(DATA RECORDS begins)

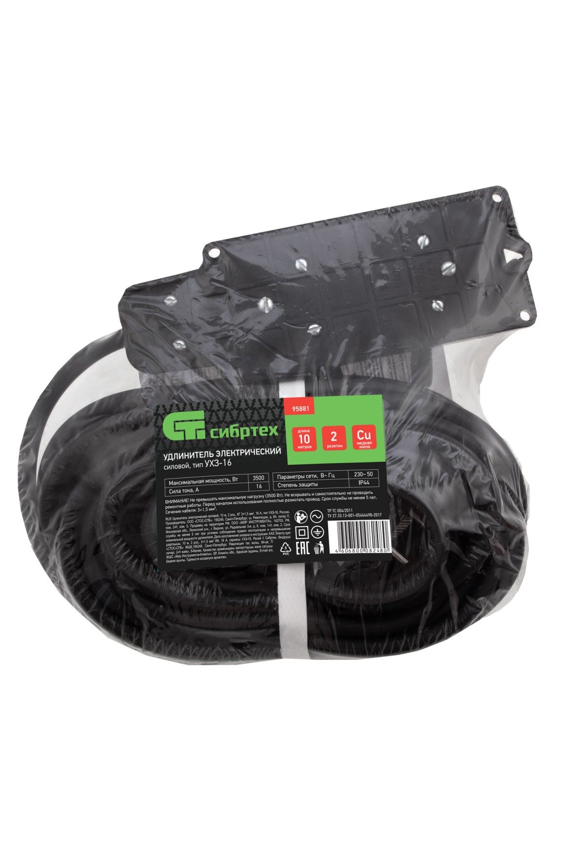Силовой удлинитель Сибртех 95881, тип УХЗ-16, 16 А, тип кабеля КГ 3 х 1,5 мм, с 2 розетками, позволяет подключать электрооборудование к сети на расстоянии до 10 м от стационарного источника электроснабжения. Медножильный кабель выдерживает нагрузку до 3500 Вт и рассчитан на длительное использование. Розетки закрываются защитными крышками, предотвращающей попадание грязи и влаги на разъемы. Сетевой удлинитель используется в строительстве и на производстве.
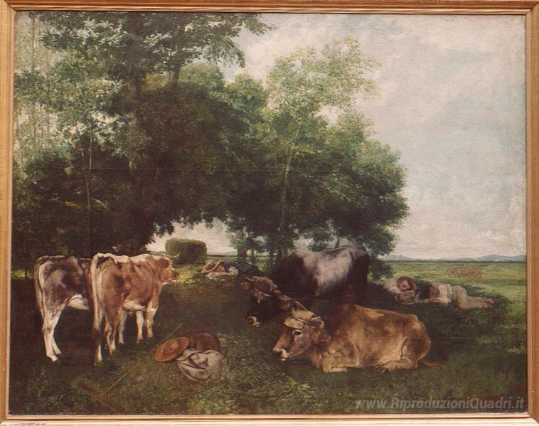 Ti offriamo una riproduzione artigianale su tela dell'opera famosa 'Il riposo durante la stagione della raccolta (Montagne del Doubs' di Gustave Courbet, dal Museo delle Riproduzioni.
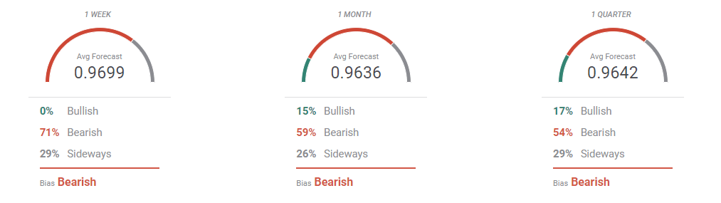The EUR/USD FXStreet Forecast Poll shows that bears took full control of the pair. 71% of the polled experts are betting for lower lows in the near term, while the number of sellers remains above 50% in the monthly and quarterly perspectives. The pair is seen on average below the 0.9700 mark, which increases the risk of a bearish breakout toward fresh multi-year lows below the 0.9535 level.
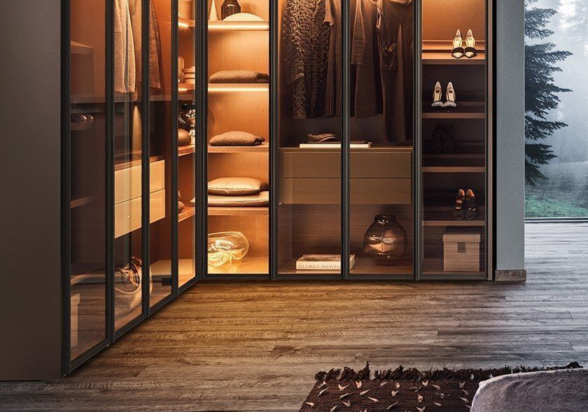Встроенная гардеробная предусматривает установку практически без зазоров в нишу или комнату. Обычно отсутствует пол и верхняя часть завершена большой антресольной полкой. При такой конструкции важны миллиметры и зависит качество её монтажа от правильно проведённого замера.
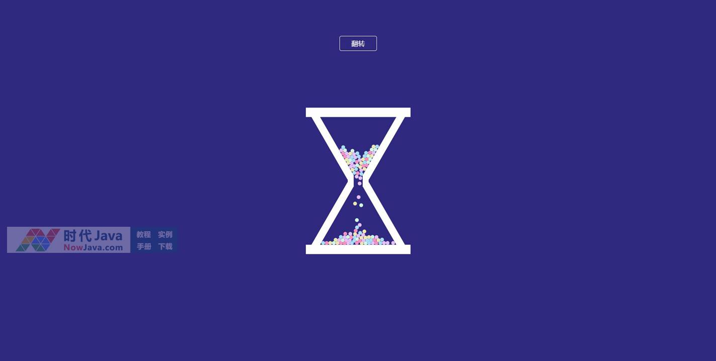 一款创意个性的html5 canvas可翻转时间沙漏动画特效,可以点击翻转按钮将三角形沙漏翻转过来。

(DATA RECORDS ends)

▸ EXERCISE INSTRUCTIONS:
Beginning with the line that contains "The EUR/USD FXStreet", repeat every remaining line of the data exactly, the last line included, and omit pictures.

▸ ANSWER TO THIS PROBLEM:
The EUR/USD FXStreet Forecast Poll shows that bears took full control of the pair. 71% of the polled experts are betting for lower lows in the near term, while the number of sellers remains above 50% in the monthly and quarterly perspectives. The pair is seen on average below the 0.9700 mark, which increases the risk of a bearish breakout toward fresh multi-year lows below the 0.9535 level.
Встроенная гардеробная предусматривает установку практически без зазоров в нишу или комнату. Обычно отсутствует пол и верхняя часть завершена большой антресольной полкой. При такой конструкции важны миллиметры и зависит качество её монтажа от правильно проведённого замера.
 一款创意个性的html5 canvas可翻转时间沙漏动画特效,可以点击翻转按钮将三角形沙漏翻转过来。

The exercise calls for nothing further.